Revisiting this series now not only shows me where I’ve been, it reminds me of how teaching and making often become one. These pieces are a kind of visual byproduct of instruction, yet they stand alone as artworks with their own voice and vibrational frequency. They feel like early mutations of what is now my more developed style, still experimental, still unconcerned with rules, but rooted in intention and momentum. They are syntax loops from a moment of visual evolution. They continue to speak, even now.

Yes, that is a portrait of Kurt Schwitters above, he continues to be an artistic inspiration of mine!

As I reviewed this group of works again in the process of formatting them for this post, one detail stood out immediately: the prominence of portraiture. Whether abstracted, distorted, or fully symbolic, the human face, or the suggestion of it emerges as a recurring thread throughout the entire collection. This fascination with portraiture has long held my interest. It serves as a portal to identity, emotion, memory, and communication across time. Even when the face is fractured or obscured, it remains a central force, inviting interpretation, reflection, and story.

Each piece shares a common pipeline of creation. The process almost always begins with drawing, painting, collage, or physical sculpture often quick gestures or maquettes that capture a moment of form. I document these raw pieces by photographing them on my phone, and then I bring them through a series of mobile apps where filters, color palettes, and digital layering tools introduce new aesthetic directions. From there, some works are refined further in Adobe Illustrator for vector treatments, then routed into Photoshop for deeper manipulations, before being exported back to mobile for additional filtering or glitch-based experimentation. It’s an open loop, nonlinear, playful, and deeply intuitive.

What excites me about this workflow is how it accommodates mobility. I often find myself editing in transit—on the subway, walking through airports, or sitting in cafés, engaged in a fluid creative dialogue between analog marks and digital alchemy. This rhythm says something larger about contemporary creativity and our emerging relationship with tools in this technological renaissance. We carry powerful studios in our pockets, and the line between artist and interface becomes increasingly blurred. These works are evidence of that evolution, a set of portraits not just of subjects, but of process itself.

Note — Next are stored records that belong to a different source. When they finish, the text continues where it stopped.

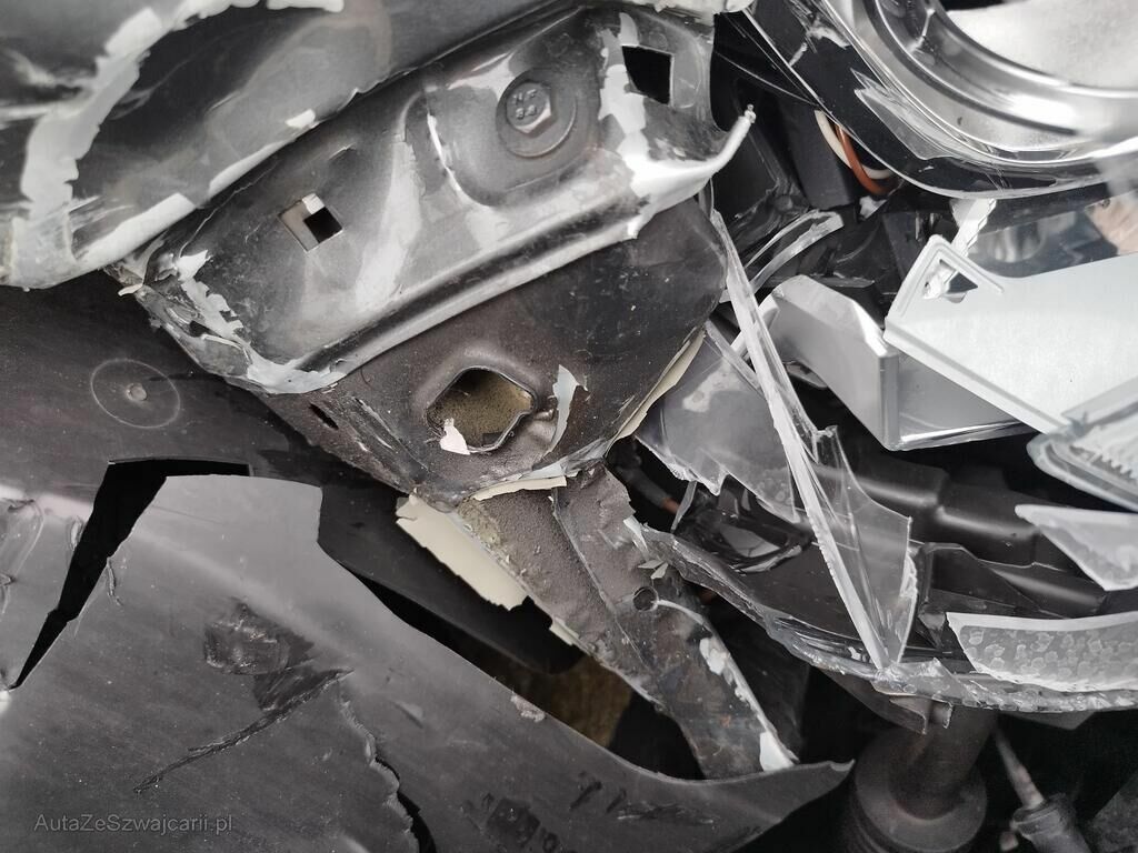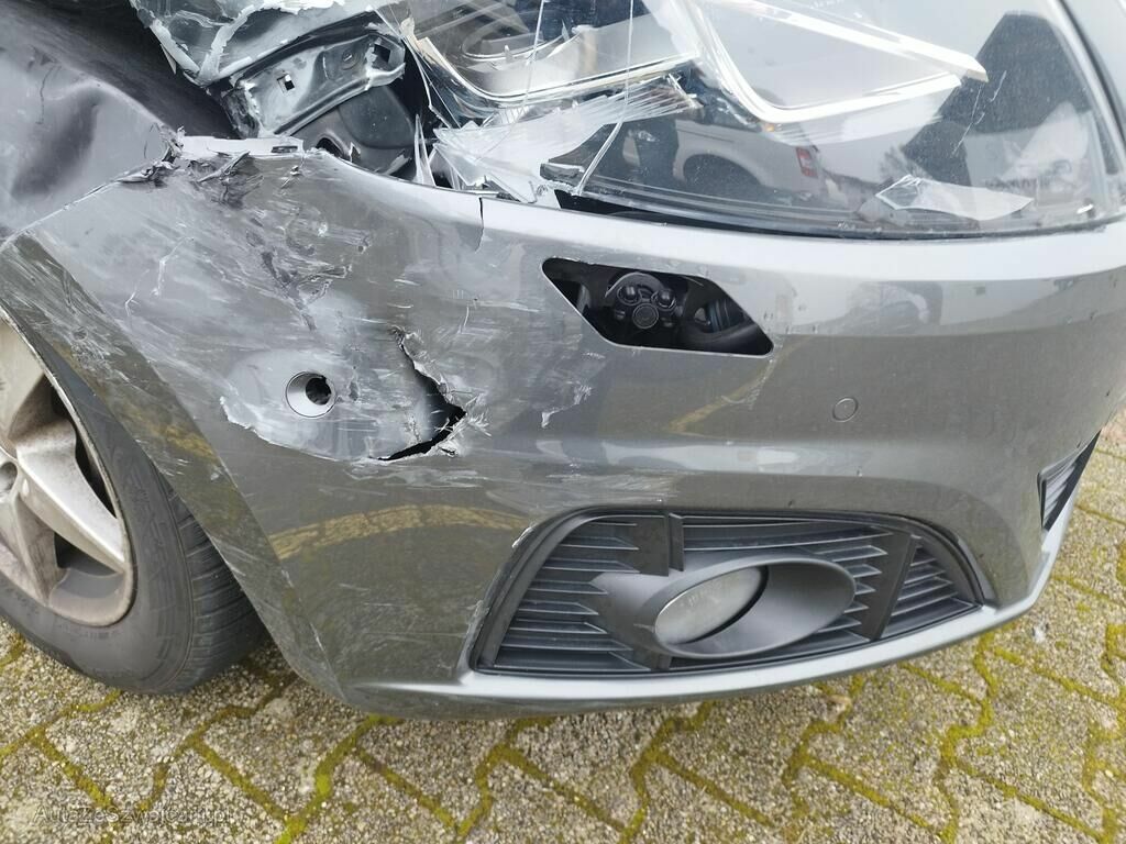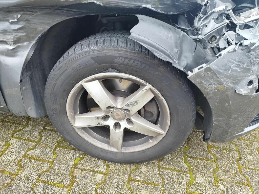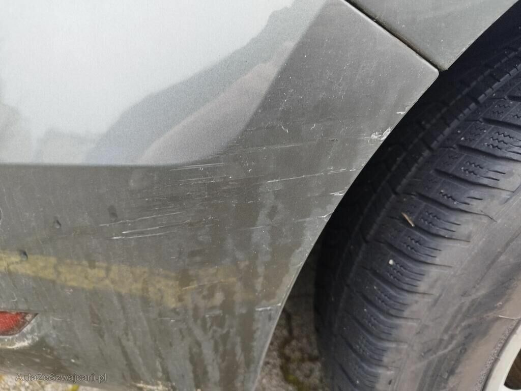 Die ganze rechte Seite hat Kratzspuren und ist deformiert, die Felge vorne rechts hat Kratzspuren, das Rad vorne rechts steht schräg, die Felge hinten rechts hat Kratzspuren.
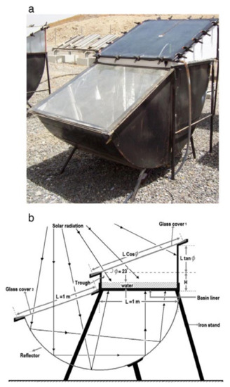 (a) A picture of the solar still with the inverted absorber (IASS). (b) An IASS schematic design. Reprinted/adapted with permission from Ref. [12]. 2022, Elsevier.
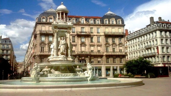 Зато архитектурное сооружение на площади Якобинцев, которое мы хорошо видели из кафе, поедая траву с макаронами, не оставило нас равнодушными. Это великолепный памятник-фонтан с надписью: «От Лиона тем, кто его создавал». Он запечатлел выдающихся мастеров-горожан Лиона, вложивших свой труд в создание этого богатого, живописного города в разные исторические эпохи.
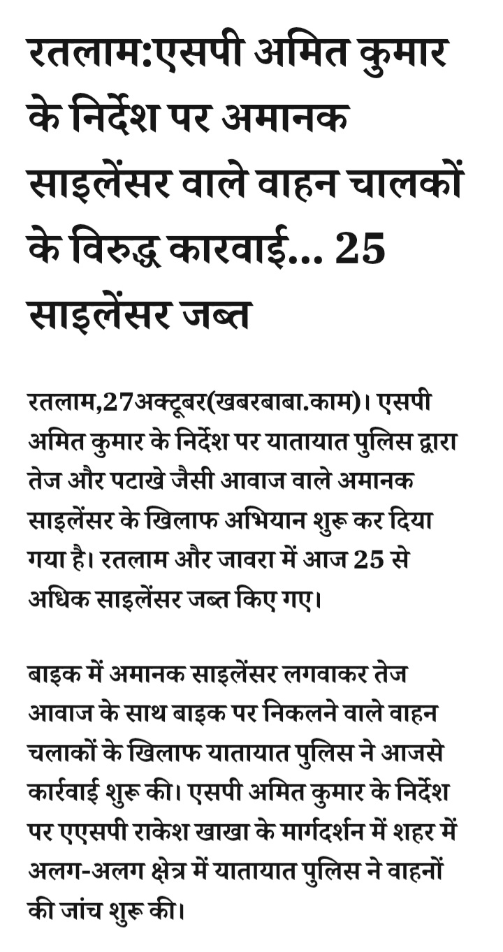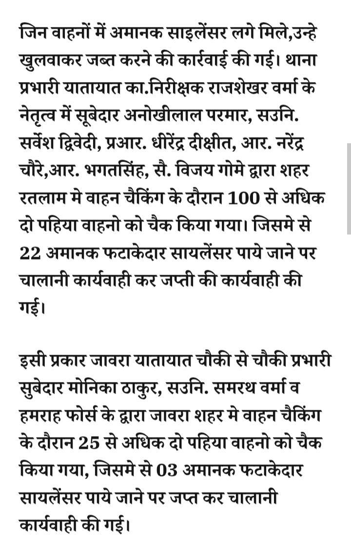 - रतलाम:एसपी अमित कुमार के निर्देश पर अमानक साइलेंसर वाले वाहन चालकों के विरुद्ध कारवाई… 25 साइलेंसर जब्त
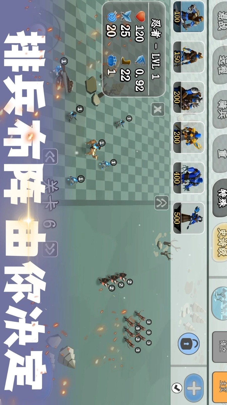 在游戏里,玩家能够化身指挥官,打理专属军队,规划作战策略并与敌人展开生死较量。玩家得合理安排兵力部署,利用有限的金币资源,力求击败对手。

Altogether, this series stands as a visual meditation on transformation of media, memory, and method. What began as tactile marks or sculptural forms evolved through digital touch-points into layered visual stories, each piece a hybrid echo of both hand and machine. The portraits reveal not only imagined characters or archetypes, but also my own evolving language as an artist navigating the space between traditional practice and emergent technology. In sharing these works now, I’m not only documenting a timeline of experimentation but also inviting others to see how accessible and open this kind of creative flow can be.

The archive expands, and with it, the conversation continues.

 

LETS MAKE SOME ART!

STUDENT PROJECT: “Analog to Digital – Portrait Filters & Forms”

  1. Create a portrait-based drawing, collage, sculpture maquette, or even a quick sketch (physical or digital).

  2. Document it with a photo using your phone.

  3. Transform the image by running it through at least three different mobile apps or software tools (e.g., Glitché, Procreate, Snapseed, Adobe Fresco, Illustrator, Photoshop, etc.).

  4. Layer, bend, glitch, filter, remix — play with form, color, and abstraction. Push it far.

  5. Present your final image along with a short paragraph describing your process and what surprised you along the way.

  6. Publish your work on a class blog (or otherness) and share the URL in the comments section!

Bonus: Compare your original and final image side by side in the same post to show your transformation pipeline.